AIM OF THE TASK » What are the lines below, starting at the line containing "Petit CD双链条手链整体展示,金色扭纹链条手链,缀CD字母与镶钻五角星吊坠,龙虾扣设计简洁奢华。中:DIOR Petit" and ending at the line containing "Daisy. 4 lækker"? Write them out exactly, ends included, without pictures.

LISTED ENTRIES »
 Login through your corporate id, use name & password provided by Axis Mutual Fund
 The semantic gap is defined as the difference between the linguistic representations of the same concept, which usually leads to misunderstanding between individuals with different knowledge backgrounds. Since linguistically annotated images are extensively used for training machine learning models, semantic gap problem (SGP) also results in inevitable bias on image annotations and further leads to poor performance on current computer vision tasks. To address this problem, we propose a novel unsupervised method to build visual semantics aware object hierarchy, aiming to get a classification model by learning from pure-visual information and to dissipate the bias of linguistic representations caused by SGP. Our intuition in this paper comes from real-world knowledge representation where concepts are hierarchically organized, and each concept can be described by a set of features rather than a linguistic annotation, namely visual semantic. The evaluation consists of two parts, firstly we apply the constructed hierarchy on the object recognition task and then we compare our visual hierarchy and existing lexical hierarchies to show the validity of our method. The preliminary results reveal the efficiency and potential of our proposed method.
--
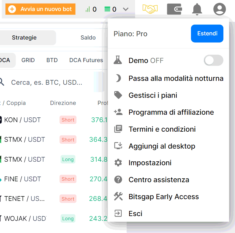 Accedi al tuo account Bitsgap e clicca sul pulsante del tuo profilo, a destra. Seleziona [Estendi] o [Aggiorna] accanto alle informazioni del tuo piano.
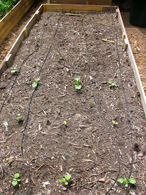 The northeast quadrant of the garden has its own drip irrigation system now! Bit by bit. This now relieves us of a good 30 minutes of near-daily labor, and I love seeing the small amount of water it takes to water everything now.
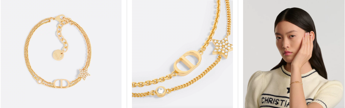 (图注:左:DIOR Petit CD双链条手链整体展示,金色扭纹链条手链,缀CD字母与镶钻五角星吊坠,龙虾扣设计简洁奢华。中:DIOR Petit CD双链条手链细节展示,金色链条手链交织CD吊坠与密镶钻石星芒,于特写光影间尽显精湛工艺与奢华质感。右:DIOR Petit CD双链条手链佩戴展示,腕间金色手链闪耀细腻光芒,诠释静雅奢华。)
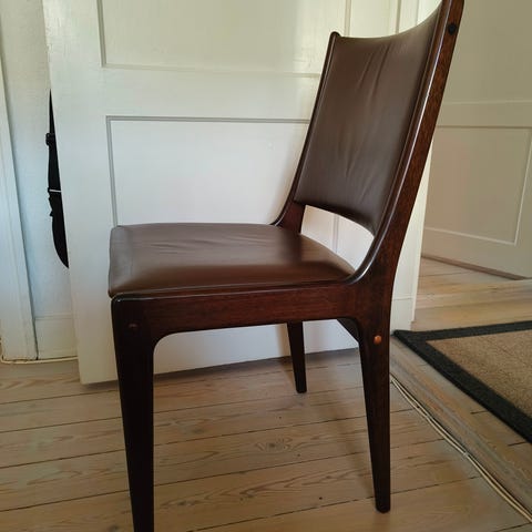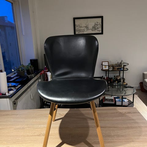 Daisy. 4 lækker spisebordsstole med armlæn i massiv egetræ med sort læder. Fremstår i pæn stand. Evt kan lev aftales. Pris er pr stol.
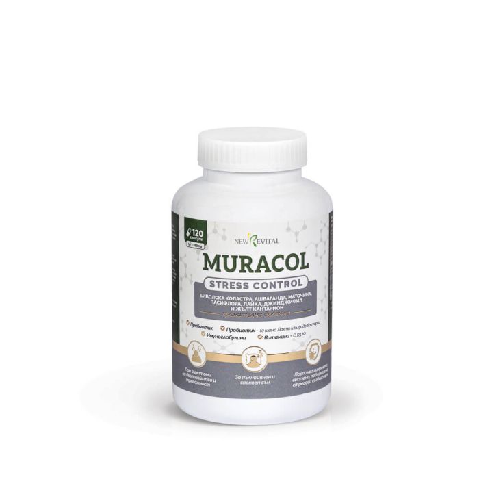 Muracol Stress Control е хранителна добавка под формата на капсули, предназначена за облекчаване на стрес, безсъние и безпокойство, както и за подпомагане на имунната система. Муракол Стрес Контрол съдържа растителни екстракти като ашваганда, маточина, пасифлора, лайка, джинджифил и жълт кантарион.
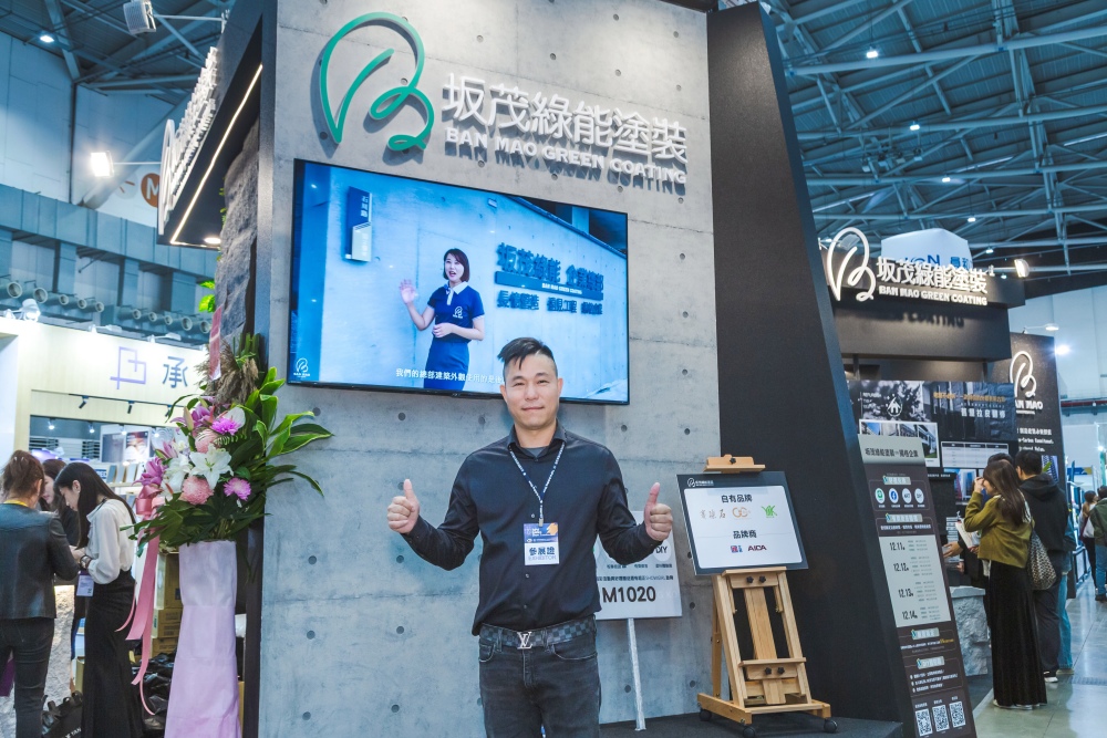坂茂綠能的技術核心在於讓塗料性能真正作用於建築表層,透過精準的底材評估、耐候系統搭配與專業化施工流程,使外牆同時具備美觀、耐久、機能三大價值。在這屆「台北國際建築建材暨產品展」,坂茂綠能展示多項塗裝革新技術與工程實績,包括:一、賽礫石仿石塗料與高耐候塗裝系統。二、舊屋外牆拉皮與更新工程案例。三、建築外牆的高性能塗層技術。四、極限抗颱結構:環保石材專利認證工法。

EXERCISE RESPONSE »
 (图注:左:DIOR Petit CD双链条手链整体展示,金色扭纹链条手链,缀CD字母与镶钻五角星吊坠,龙虾扣设计简洁奢华。中:DIOR Petit CD双链条手链细节展示,金色链条手链交织CD吊坠与密镶钻石星芒,于特写光影间尽显精湛工艺与奢华质感。右:DIOR Petit CD双链条手链佩戴展示,腕间金色手链闪耀细腻光芒,诠释静雅奢华。)
 Daisy. 4 lækker spisebordsstole med armlæn i massiv egetræ med sort læder. Fremstår i pæn stand. Evt kan lev aftales. Pris er pr stol.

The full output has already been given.